### [TASK TO COMPLETE]
From the line with "The total number" to the line with "Proper tension is", retype each line exactly as it stands in the records below, but skip the pictures.

### [DATA IN THIS EXERCISE]
══════════════════════════════

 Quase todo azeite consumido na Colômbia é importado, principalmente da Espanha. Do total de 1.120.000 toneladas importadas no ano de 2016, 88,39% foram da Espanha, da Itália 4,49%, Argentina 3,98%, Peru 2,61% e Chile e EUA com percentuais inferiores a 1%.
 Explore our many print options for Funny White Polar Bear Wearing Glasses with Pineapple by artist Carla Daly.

══════════════════════════════

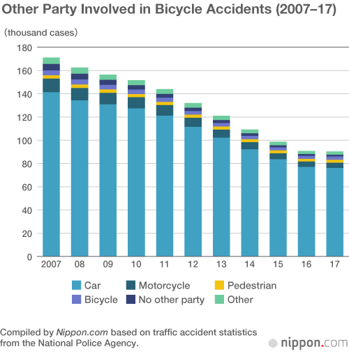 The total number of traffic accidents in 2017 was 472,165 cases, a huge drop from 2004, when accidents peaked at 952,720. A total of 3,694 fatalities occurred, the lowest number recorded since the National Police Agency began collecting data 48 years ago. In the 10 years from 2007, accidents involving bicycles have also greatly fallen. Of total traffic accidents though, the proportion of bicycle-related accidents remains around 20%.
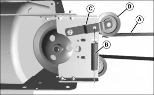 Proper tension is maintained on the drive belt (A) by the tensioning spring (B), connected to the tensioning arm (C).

══════════════════════════════

### [YOUR RESPONSE]
 The total number of traffic accidents in 2017 was 472,165 cases, a huge drop from 2004, when accidents peaked at 952,720. A total of 3,694 fatalities occurred, the lowest number recorded since the National Police Agency began collecting data 48 years ago. In the 10 years from 2007, accidents involving bicycles have also greatly fallen. Of total traffic accidents though, the proportion of bicycle-related accidents remains around 20%.
 Proper tension is maintained on the drive belt (A) by the tensioning spring (B), connected to the tensioning arm (C).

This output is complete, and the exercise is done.